14
feb 14

Teleseries: el gato y el ratón

La caja lista de esta semana estuvo dedicada casi en exclusiva a la retransmisión por televisión de los premios Goya. Porque al margen de la siempre en entredicho calidad del cine español, la gala es un acontecimiento que marca agenda. La de este año ha sido, con diferencia, la menos vista en los últimos cinco años: 350.000 espectadores menos que la de 2013 pero, aún así y como siempre ha dado de comer a estilistas televisivos, analistas cinematográficos y programas especiales antes, durante y después de la retransmisión.

Sin embargo, creo que este post se lo merece la florida y adelantada primavera que está viviendo la ficción -vamos a decir- propia -que no es propia porque no la producen las cadenas sino las productoras a las que se la encargan- por obra y gracia del pulso a décimas entre Antena 3 y Telecinco. Que no sólo se copian y se repican en formatos de entretenimiento o en su planteamiento de la parrilla.

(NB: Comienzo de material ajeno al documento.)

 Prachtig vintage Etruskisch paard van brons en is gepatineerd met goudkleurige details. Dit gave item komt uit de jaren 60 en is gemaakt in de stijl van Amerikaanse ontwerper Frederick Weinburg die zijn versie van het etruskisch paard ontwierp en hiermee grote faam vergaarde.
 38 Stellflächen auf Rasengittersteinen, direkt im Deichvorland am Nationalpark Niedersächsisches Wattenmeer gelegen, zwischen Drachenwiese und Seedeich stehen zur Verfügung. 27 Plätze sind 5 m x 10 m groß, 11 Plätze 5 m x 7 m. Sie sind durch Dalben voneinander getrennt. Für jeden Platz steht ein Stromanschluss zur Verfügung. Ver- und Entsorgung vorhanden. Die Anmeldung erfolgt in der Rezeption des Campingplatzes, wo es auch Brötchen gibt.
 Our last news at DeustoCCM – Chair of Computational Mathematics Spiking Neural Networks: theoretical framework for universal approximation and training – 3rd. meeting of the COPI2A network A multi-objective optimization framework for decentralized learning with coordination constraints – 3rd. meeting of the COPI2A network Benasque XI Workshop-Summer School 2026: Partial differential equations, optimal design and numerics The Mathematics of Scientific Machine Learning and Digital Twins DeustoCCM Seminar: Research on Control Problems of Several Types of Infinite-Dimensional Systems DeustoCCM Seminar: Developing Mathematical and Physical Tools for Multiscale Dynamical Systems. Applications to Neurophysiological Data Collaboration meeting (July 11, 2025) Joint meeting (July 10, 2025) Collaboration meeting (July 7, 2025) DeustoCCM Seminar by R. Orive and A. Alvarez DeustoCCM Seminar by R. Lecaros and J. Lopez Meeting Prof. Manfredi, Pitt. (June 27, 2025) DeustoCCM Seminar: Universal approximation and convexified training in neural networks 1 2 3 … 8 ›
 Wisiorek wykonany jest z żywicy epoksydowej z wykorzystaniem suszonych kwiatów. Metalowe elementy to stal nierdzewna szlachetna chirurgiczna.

Supongo que el punto de inflexión lo marcó El tiempo entre costuras (Antena 3) y su indiscutible éxito de público y, por qué no, crítica. En respuesta, Mediaset ha esperado unos cuantos meses para cebar El Príncipe. La empresa no quería una serie más, sino un acontecimiento en toda regla. Así que puso toda su maquinaria promocional a trabajar, y la que en principio había sido planteada como una ficción ambiciosa, sí, pero sólo “una” ficción, se convirtió, por lo que se augura, en uno de los pilares de Telecinco para esta temporada, en el faro que alumbre a toda la cadena y levante su orgullo, bastante herido en los últimos años al menos en lo que respecta al mundo teleserie.

El Príncipe se estrenó la semana pasada de manera simultánea en casi todas las cadenas de Mediaset, y Vasile se sentó a esperar: 5.6 millones de espectadores, y un 28% de share total sumando los resultados de T5 (22%) y el resto de frecuencias en las que se emitió. Una oportunidad de oro para intentar colocar titulares en la prensa especializada y también en la que no lo está, pero igualmente considera noticioso el resultado de una estrategia de programación tan particular.

No crean, sin embargo, que esto queda aquí porque las series, como las cucarachas, [Enlace roto.]. Y cada uno de sus movimientos es convenientemente comunicado para ir calentando motores. Hasta el punto de que lo que a estas horas tiene en ascuas a los directivos de las dos principales cadenas españolas es el duelo a muerte entre Velvet (Antena 3) y B&B: De boca en boca (Telecinco). Como explica Vanitatis, la ley obliga a las televisiones a anunciar su programación con tres días de adelanto, así que ambas tienen de plazo hasta la medianoche para confirmar si el estreno será o no el lunes. Y como no quieren comerse la tostada mutuamente, o quizá sí, aquí nos tienen a los espectadores, sin saber si esos “próximamente”, “pronto” y “la semana que viene” con los que aderezan sus omnipresentes promociones se concretarán un día u otro. ¿Poker? ¿Quién dijo poker?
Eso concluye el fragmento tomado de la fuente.